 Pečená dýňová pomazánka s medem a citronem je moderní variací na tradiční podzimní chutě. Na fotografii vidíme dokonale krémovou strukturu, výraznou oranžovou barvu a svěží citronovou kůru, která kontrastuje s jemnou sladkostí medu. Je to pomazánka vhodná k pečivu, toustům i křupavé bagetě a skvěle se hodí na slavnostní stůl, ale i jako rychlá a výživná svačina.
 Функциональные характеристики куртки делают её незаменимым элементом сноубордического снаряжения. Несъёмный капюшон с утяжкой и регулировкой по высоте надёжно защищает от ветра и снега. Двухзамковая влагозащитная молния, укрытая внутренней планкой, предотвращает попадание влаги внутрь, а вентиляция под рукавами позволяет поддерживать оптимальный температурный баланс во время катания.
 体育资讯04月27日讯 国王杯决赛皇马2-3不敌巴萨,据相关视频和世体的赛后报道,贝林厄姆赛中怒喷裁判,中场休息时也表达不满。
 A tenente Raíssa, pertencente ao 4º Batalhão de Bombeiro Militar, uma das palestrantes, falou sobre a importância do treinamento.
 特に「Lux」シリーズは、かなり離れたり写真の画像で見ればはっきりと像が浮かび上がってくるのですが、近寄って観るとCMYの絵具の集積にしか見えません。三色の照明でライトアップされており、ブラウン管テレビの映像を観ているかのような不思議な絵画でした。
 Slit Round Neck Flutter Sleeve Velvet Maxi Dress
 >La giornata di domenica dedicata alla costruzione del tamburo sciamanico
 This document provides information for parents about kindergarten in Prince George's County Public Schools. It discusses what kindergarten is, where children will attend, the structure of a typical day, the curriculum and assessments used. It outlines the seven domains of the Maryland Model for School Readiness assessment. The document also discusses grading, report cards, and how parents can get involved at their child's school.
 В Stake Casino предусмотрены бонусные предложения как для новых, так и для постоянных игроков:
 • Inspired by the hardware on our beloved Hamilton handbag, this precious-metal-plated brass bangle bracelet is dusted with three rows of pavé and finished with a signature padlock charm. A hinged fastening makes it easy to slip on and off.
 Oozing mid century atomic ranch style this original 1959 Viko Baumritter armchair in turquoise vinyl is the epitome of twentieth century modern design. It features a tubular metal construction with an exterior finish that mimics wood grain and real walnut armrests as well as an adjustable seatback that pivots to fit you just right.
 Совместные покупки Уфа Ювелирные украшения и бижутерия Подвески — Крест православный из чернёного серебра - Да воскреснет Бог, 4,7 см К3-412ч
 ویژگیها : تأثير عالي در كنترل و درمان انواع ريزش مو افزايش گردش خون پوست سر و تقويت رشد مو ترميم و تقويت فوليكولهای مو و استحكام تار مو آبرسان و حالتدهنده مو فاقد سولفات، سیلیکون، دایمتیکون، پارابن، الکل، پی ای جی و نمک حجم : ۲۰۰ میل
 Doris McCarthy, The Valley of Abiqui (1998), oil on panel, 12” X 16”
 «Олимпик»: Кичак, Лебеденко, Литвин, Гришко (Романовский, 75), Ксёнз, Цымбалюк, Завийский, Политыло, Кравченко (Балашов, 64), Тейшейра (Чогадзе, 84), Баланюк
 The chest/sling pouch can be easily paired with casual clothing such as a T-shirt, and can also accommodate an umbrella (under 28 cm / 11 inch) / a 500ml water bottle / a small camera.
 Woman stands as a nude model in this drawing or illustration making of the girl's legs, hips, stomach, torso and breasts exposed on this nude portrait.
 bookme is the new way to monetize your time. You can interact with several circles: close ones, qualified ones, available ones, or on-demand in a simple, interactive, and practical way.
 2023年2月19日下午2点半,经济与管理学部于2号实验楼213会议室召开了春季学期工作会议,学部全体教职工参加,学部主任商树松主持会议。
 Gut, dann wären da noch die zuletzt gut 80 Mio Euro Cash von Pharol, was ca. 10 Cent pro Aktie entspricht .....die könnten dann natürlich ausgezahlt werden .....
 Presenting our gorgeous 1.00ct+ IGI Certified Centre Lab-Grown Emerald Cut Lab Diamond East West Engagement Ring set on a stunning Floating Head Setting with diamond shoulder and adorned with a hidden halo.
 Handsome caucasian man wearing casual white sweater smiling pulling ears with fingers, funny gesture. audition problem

=======

WORK REQUEST: From the material above, retype precisely the lines between the line holding "Функциональные характеристики куртки" and the line holding "on and off.", inclusive, and nothing beyond them.

OUTPUT BELOW:
 Функциональные характеристики куртки делают её незаменимым элементом сноубордического снаряжения. Несъёмный капюшон с утяжкой и регулировкой по высоте надёжно защищает от ветра и снега. Двухзамковая влагозащитная молния, укрытая внутренней планкой, предотвращает попадание влаги внутрь, а вентиляция под рукавами позволяет поддерживать оптимальный температурный баланс во время катания.
 体育资讯04月27日讯 国王杯决赛皇马2-3不敌巴萨,据相关视频和世体的赛后报道,贝林厄姆赛中怒喷裁判,中场休息时也表达不满。
 A tenente Raíssa, pertencente ao 4º Batalhão de Bombeiro Militar, uma das palestrantes, falou sobre a importância do treinamento.
 特に「Lux」シリーズは、かなり離れたり写真の画像で見ればはっきりと像が浮かび上がってくるのですが、近寄って観るとCMYの絵具の集積にしか見えません。三色の照明でライトアップされており、ブラウン管テレビの映像を観ているかのような不思議な絵画でした。
 Slit Round Neck Flutter Sleeve Velvet Maxi Dress
 >La giornata di domenica dedicata alla costruzione del tamburo sciamanico
 This document provides information for parents about kindergarten in Prince George's County Public Schools. It discusses what kindergarten is, where children will attend, the structure of a typical day, the curriculum and assessments used. It outlines the seven domains of the Maryland Model for School Readiness assessment. The document also discusses grading, report cards, and how parents can get involved at their child's school.
 В Stake Casino предусмотрены бонусные предложения как для новых, так и для постоянных игроков:
 • Inspired by the hardware on our beloved Hamilton handbag, this precious-metal-plated brass bangle bracelet is dusted with three rows of pavé and finished with a signature padlock charm. A hinged fastening makes it easy to slip on and off.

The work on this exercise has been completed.